Una y otra vez, golpeaba la fría piedra con manos temblorosas, suplicando entre lágrimas: «Aún eres tan joven… no puedes dejarme. Ya he perdido a Harold. No puedo perderte también a ti…».
Un fuerte zumbido me llenó la cabeza y todo a mi alrededor se desvaneció en un segundo plano.
Los sollozos angustiados de Rola me parecían un cuchillo romo que me atravesaba una y otra vez el corazón, ya de por sí destrozado.
𝖭𝗈𝗏𝖾𝗅𝖺𝗌 𝖺𝖽𝗂𝖼𝗍𝗂𝗏𝖺𝗌 𝖾𝗇 𝗇𝗈𝗏𝖾𝗅𝖺𝗌𝟦𝖿𝖺𝗇.𝖼𝗈𝗆
Si incluso Rola había perdido la esperanza… si ni siquiera las brujas podían salvar a Ethan…
¿Entonces Ethan estaba muerto? Ese pensamiento aterrador se enroscó en mi corazón, apretándolo cada vez más fuerte.

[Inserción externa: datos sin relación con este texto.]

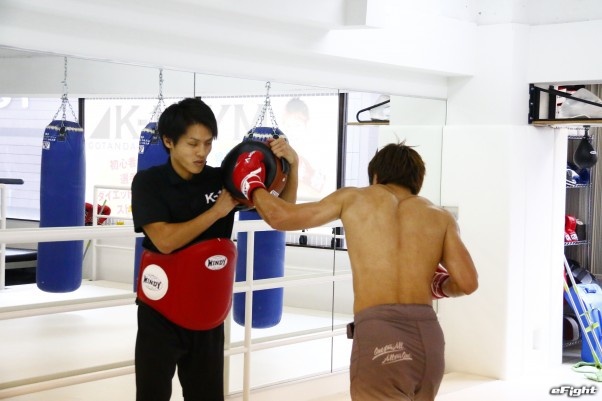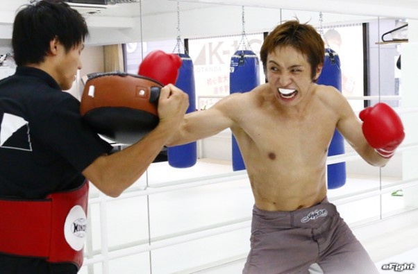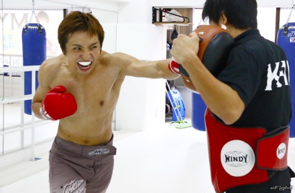 渾身の左ストレートを叩き込む久保優太

En un instante, me hundí en una desesperación sin fin. Comparado con este dolor, el veneno plateado que destruía mi cuerpo no era nada.

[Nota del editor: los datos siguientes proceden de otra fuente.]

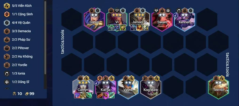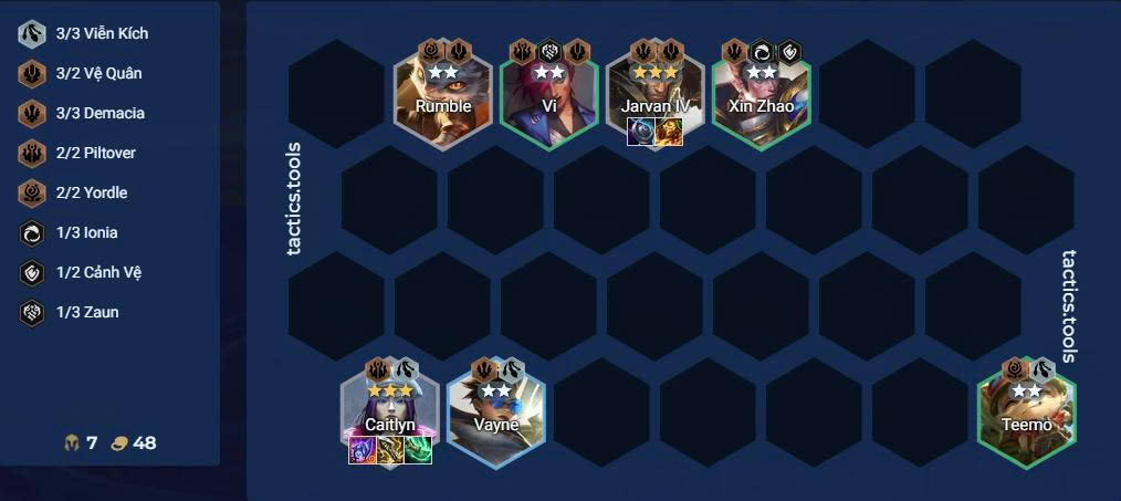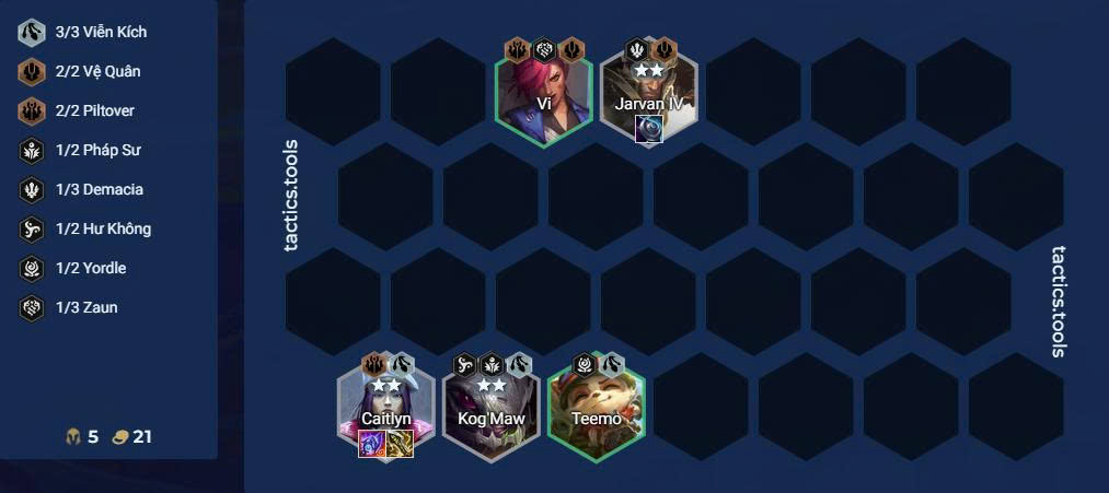 - Tộc hệ chính: 4–5 Viễn Kích + Piltover.

Las piernas me fallaron y caí de costado. Mi ropa rasgada rozaba contra las ramas secas, produciendo un chirrido.
«¡¿Quién está ahí?!» Una voz airada rompió de repente el silencio.

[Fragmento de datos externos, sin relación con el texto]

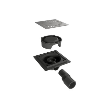 Σχάρα ντουζιέρας από ανοξείδωτο ατσάλι Aqua Compact, διάστασης 15x15 cm.Διαθέτει προέκταση σωλήνας γ..
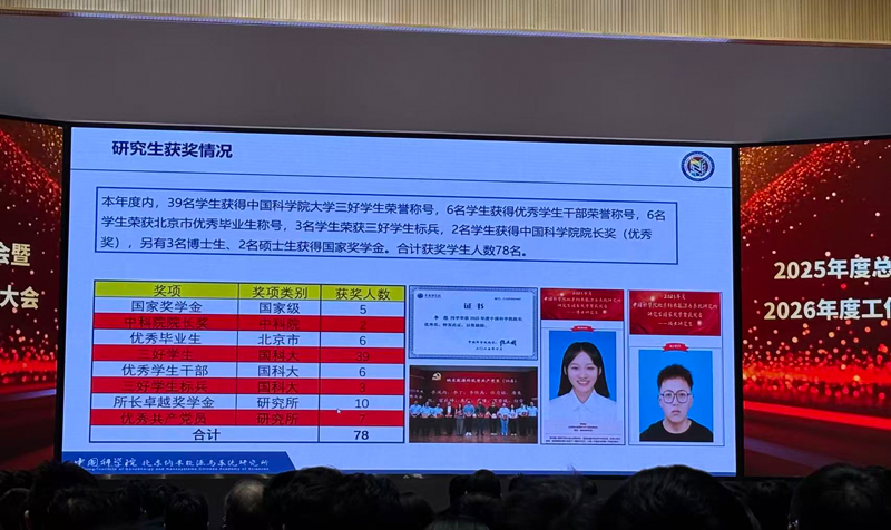 在大会表彰环节,理事长李玉良院士、国科大党委副书记肖作敏、理事会理事肖立业、王中林所长、吴剑锋书记等领导,为2025年度获得先进工作者称号的职工、课题组和获得所长卓越奖学金的学生,颁发了奖杯、奖旗和证书。课题组博士后李想荣获2025年度中国科学院院长优秀奖,课题组博士研究生杜岩荣获2025年度研究生国家奖学金,硕士研究生魏雨荣获2025年度研究生国家奖学金,硕士研究生钱汉荣获2024-2025学年“所长卓越”奖学金。
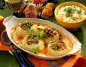 Add the beans to the broth and cook for another 10 minutes. Remove the smoked pork and bay leaf from the stock. Cut the smoked pork into cubes and add them again. Stir 4 tablespoons of cream and flour until smooth. Add remaining cream and thyme to the stock and heat. Add the cream while stirring constantly and let it boil for about 2 minutes. Season to taste with salt and pepper. Serve stew and potatoes in portions garnished with thyme

Antes de que pudiera reaccionar, una figura vestida de rojo se abalanzó sobre mí como una bestia enfurecida.
Era Evelyn, la cuñada de Ethan. Su hermoso rostro estaba desfigurado por la furia y tenía los ojos inyectados en sangre. En el instante en que me reconoció, el odio que había estado reprimiendo estalló.
«¡Mujer miserable! ¡Cómo te atreves a venir aquí!», gritó Evelyn, empujándome con brutal fuerza.
No me quedaban fuerzas para resistirme. Su empujón me hizo salir volando hacia atrás.
Mi cuerpo se estrelló con fuerza contra una roca afilada. Las heridas que acababan de dejar de sangrar se reabrieron.
Un dolor ardiente me atravesó cada parte del cuerpo. Me acurruqué en el suelo, luchando por respirar mientras la sangre fresca se filtraba lentamente en la tierra que tenía debajo.
«¡Todo esto es culpa tuya! Si Ethan no hubiera intentado salvarte, nada de esto habría pasado!», exclamó Evelyn, de pie frente a mí, con los ojos llenos de odio y desprecio. «¡No eres más que una maldición! ¡Le traíste la muerte a tu propio padre y ahora también le has traído la desgracia a Ethan! Eres la mala suerte personificada. ¿Por qué no te moriste junto con Ivy? ¿Por qué sigues viva?».
«Lo siento… Lo siento tanto…». Yacía en el suelo, aceptando cada acusación que me lanzaba.
Bajé la mirada hacia mis manos heridas y luego la deslicé lentamente hacia el altar.
Quizá Evelyn tenía razón. Si yo nunca hubiera existido, Ethan nunca habría sufrido así.